- Work to be completed: From the first line of the listing, copy each line exactly until you have included the line with "R. Steiner: Elementarwesen"; leave out the pictures.

- Dataset extract:
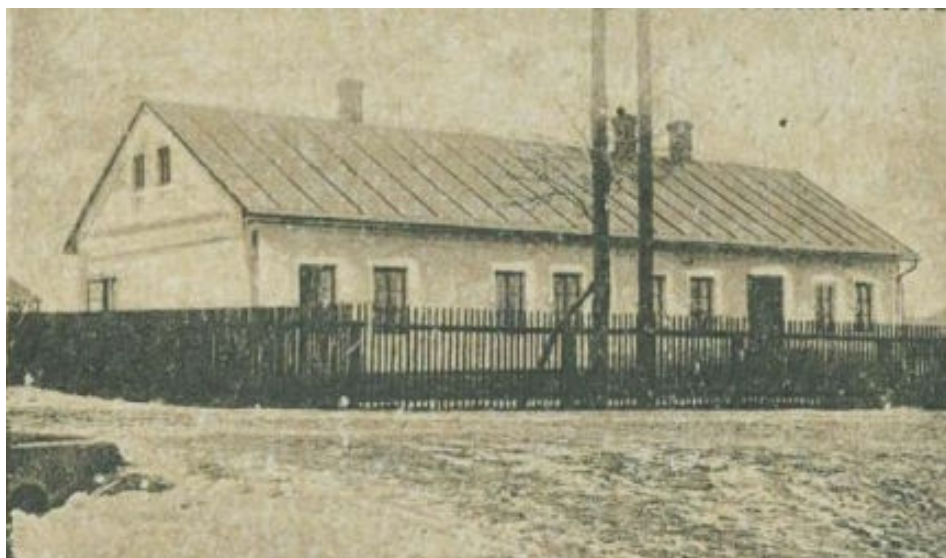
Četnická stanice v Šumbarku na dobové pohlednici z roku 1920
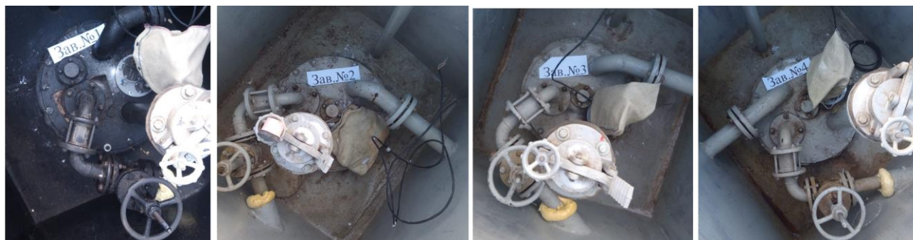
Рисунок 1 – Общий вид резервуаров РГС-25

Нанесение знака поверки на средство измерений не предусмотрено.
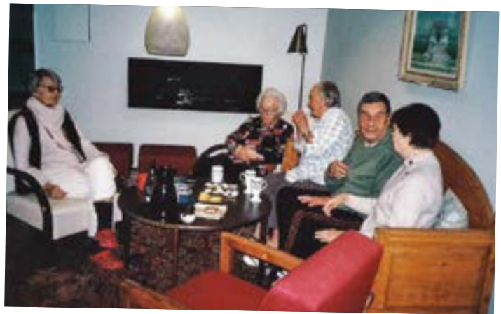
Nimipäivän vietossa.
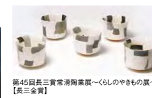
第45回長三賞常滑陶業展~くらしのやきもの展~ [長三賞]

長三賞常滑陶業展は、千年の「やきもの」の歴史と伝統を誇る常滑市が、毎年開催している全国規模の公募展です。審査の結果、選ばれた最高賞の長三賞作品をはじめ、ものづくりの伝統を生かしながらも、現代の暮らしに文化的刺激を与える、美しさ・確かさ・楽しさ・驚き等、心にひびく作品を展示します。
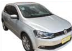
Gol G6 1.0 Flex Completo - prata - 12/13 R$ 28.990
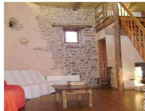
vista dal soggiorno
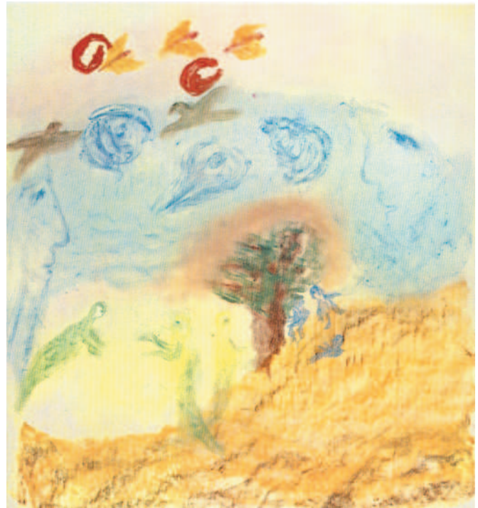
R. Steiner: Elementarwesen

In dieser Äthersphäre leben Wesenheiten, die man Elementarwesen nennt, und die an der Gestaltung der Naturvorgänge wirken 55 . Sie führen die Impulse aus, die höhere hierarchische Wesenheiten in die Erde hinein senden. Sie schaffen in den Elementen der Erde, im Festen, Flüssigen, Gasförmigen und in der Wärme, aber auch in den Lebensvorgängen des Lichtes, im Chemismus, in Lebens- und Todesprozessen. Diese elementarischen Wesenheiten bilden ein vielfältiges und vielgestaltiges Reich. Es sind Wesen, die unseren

- Solution for this exercise:
Četnická stanice v Šumbarku na dobové pohlednici z roku 1920
Рисунок 1 – Общий вид резервуаров РГС-25

Нанесение знака поверки на средство измерений не предусмотрено.
Nimipäivän vietossa.
第45回長三賞常滑陶業展~くらしのやきもの展~ [長三賞]

長三賞常滑陶業展は、千年の「やきもの」の歴史と伝統を誇る常滑市が、毎年開催している全国規模の公募展です。審査の結果、選ばれた最高賞の長三賞作品をはじめ、ものづくりの伝統を生かしながらも、現代の暮らしに文化的刺激を与える、美しさ・確かさ・楽しさ・驚き等、心にひびく作品を展示します。
Gol G6 1.0 Flex Completo - prata - 12/13 R$ 28.990
vista dal soggiorno
R. Steiner: Elementarwesen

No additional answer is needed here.